┌──

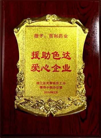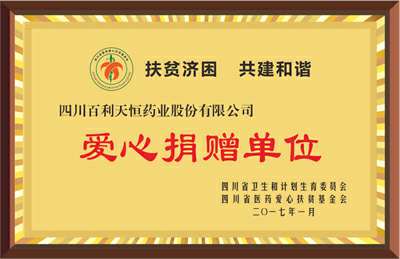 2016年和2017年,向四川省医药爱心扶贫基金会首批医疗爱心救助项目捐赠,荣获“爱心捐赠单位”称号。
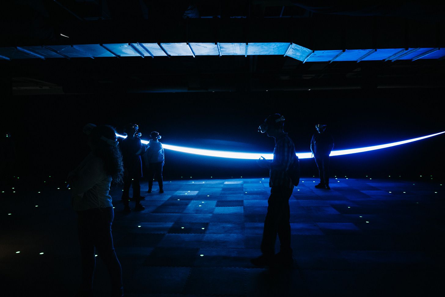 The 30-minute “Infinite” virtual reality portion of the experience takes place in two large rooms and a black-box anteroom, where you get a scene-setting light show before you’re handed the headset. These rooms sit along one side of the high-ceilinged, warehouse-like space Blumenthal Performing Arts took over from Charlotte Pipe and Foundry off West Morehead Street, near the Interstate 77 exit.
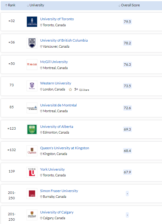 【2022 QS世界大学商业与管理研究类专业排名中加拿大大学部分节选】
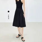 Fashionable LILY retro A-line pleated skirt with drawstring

└──
┌──

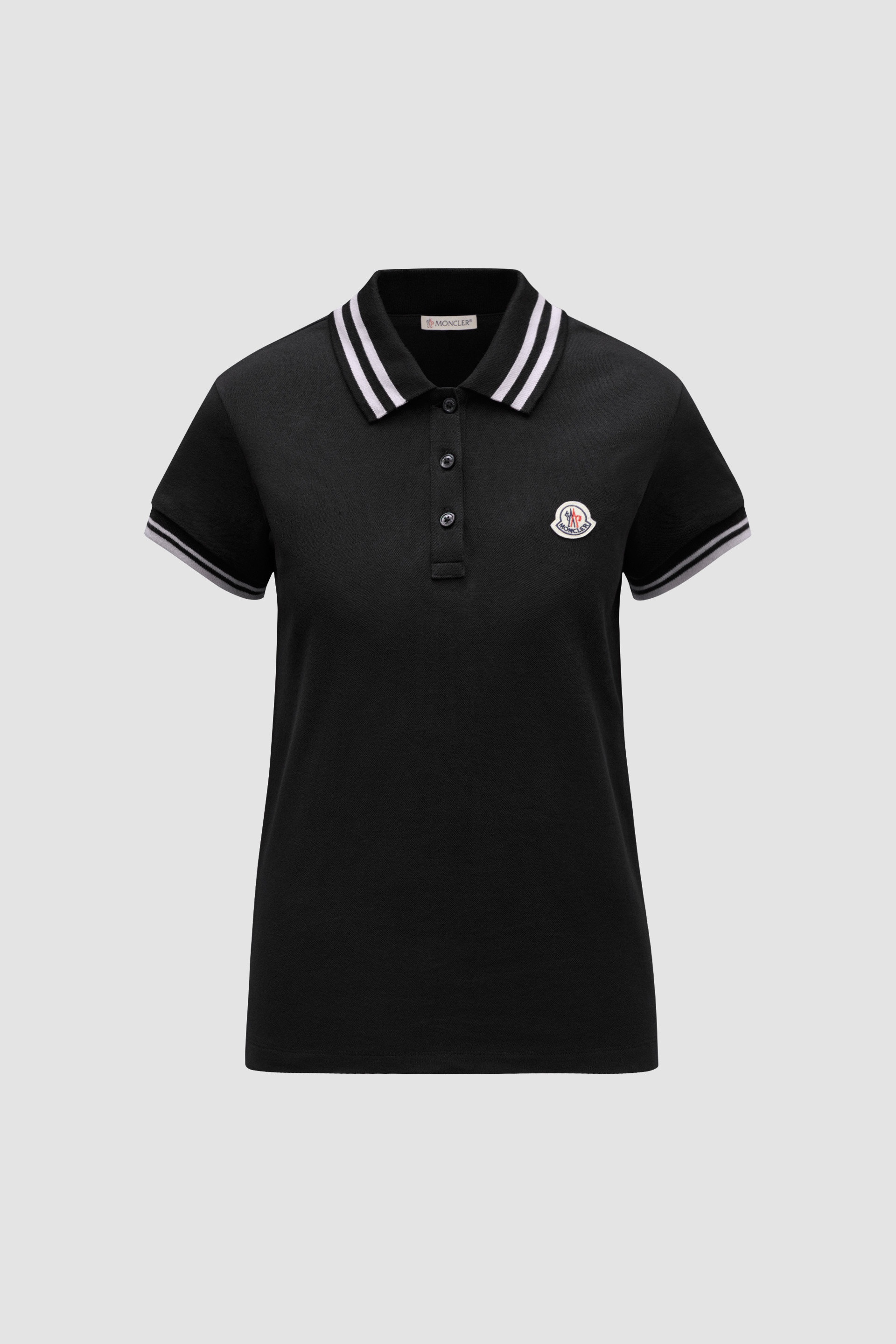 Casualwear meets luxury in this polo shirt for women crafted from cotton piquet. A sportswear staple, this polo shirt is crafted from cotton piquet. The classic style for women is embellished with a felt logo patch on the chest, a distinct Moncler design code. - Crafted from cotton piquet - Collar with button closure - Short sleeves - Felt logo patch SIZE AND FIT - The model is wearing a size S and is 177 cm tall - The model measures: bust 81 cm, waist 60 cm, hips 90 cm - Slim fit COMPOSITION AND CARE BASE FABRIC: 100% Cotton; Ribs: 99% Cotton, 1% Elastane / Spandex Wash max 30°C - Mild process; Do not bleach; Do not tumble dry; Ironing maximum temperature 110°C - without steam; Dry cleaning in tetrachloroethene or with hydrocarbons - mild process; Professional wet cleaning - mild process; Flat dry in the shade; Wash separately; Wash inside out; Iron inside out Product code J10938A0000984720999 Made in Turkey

└──
┌──

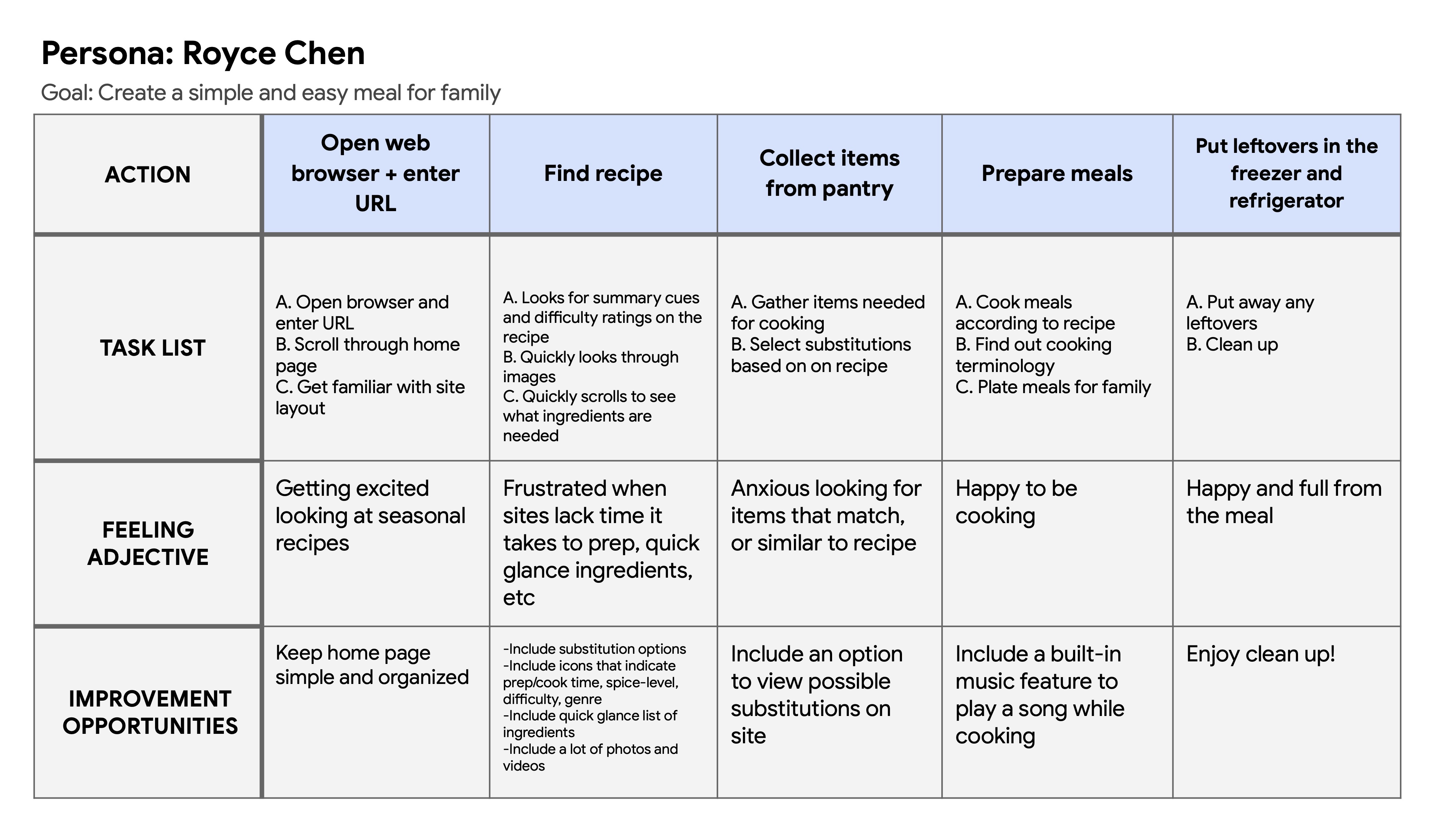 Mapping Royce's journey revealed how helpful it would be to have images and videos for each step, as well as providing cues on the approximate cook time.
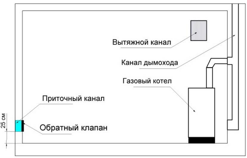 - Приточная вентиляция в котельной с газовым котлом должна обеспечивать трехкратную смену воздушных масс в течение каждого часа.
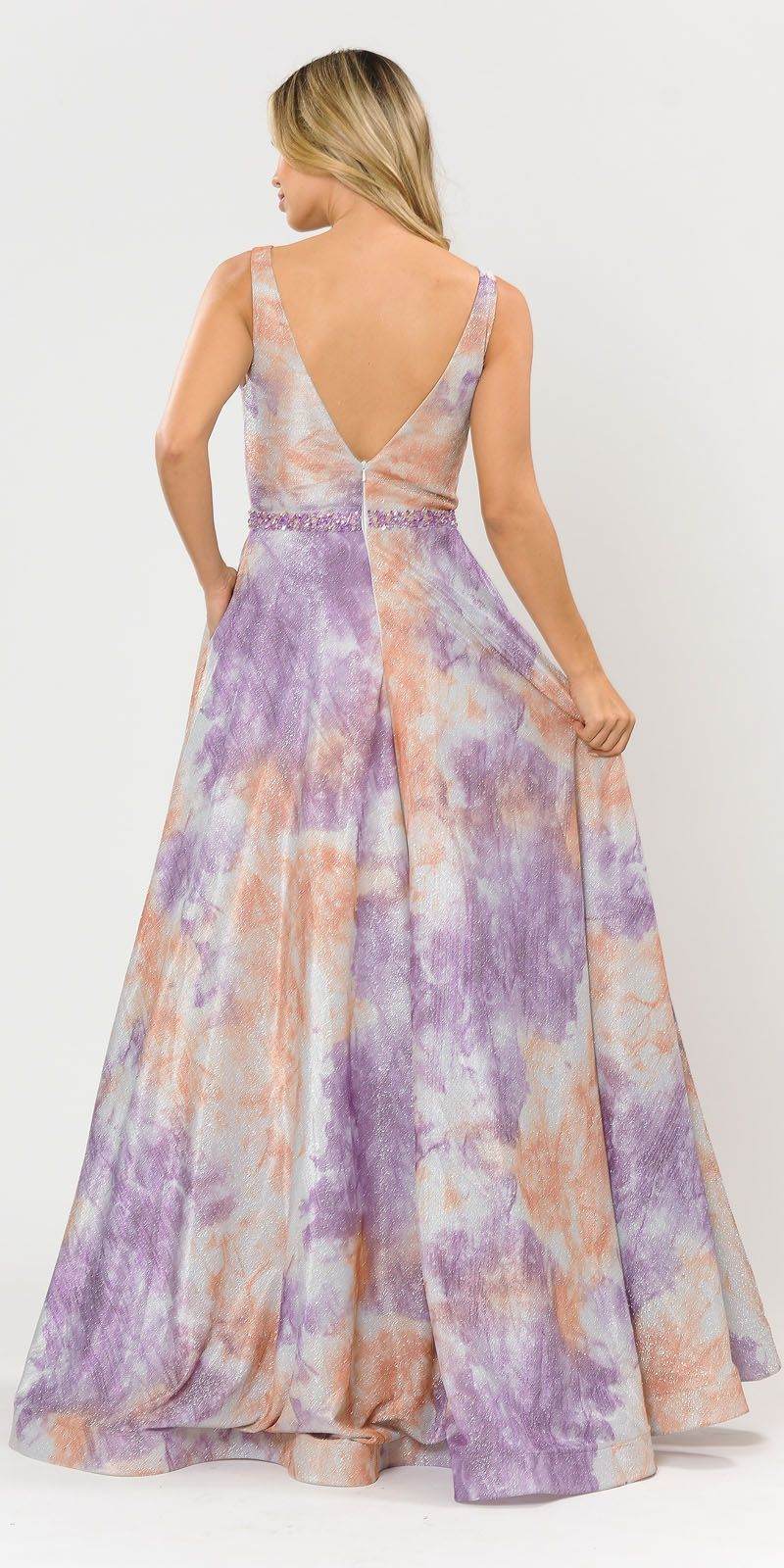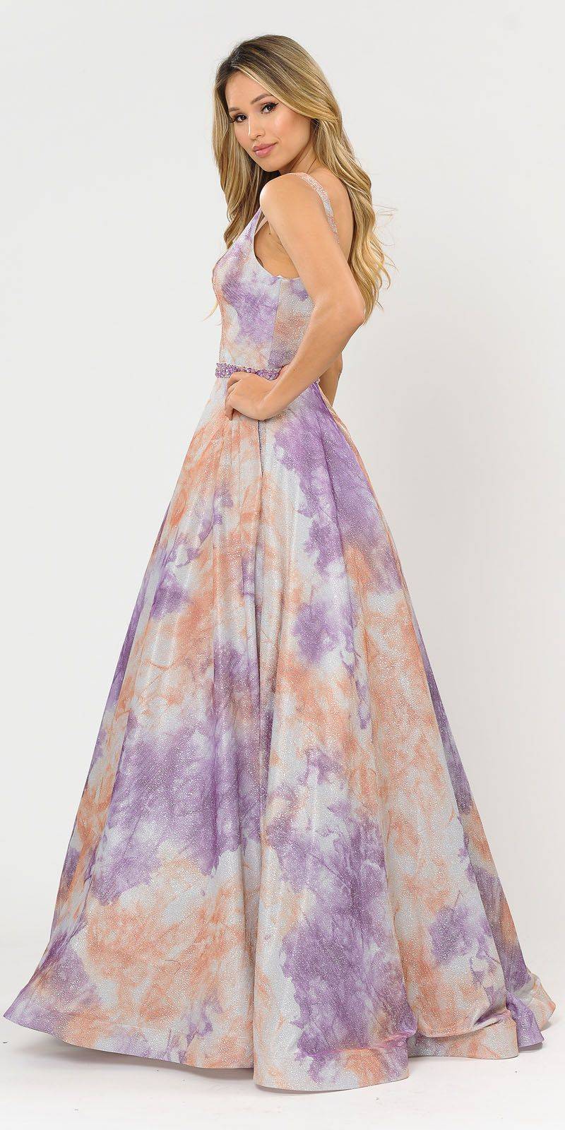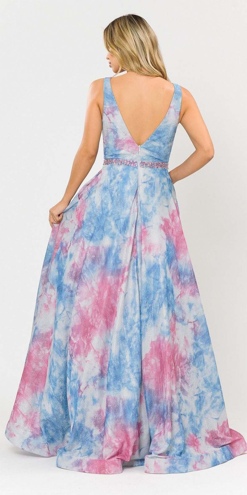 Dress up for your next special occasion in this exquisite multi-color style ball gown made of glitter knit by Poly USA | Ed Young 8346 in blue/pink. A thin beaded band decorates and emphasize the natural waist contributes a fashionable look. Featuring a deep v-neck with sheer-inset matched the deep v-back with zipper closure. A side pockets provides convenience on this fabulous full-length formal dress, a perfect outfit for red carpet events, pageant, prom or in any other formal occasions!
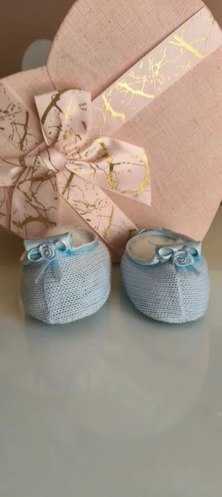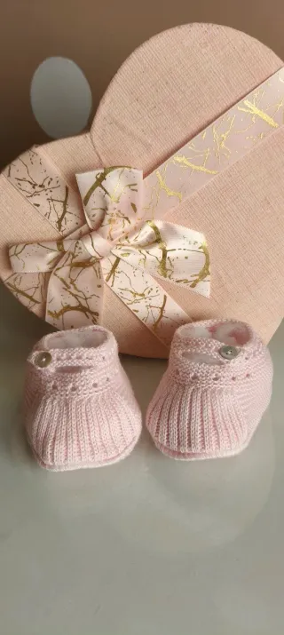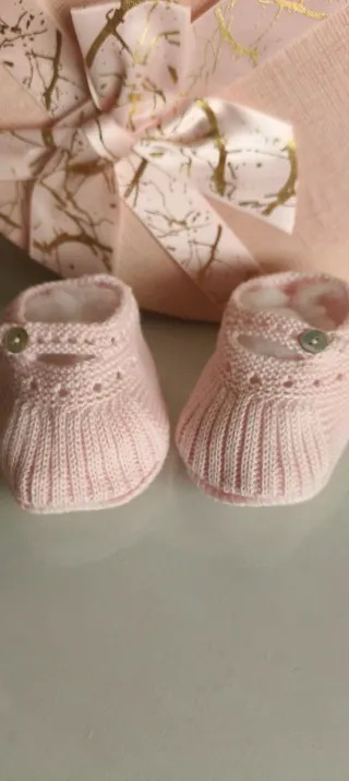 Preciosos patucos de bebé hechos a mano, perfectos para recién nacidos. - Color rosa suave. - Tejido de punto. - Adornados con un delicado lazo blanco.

└──

WORK REQUIRED:
Up in the listing, locate the line with "Mapping Royce's journey"; print it and every line after it down to the line with "Dress up for", which is included too. Skip the pictures.

SOLUTION FOR THIS PROBLEM:
 Mapping Royce's journey revealed how helpful it would be to have images and videos for each step, as well as providing cues on the approximate cook time.
 - Приточная вентиляция в котельной с газовым котлом должна обеспечивать трехкратную смену воздушных масс в течение каждого часа.
 Dress up for your next special occasion in this exquisite multi-color style ball gown made of glitter knit by Poly USA | Ed Young 8346 in blue/pink. A thin beaded band decorates and emphasize the natural waist contributes a fashionable look. Featuring a deep v-neck with sheer-inset matched the deep v-back with zipper closure. A side pockets provides convenience on this fabulous full-length formal dress, a perfect outfit for red carpet events, pageant, prom or in any other formal occasions!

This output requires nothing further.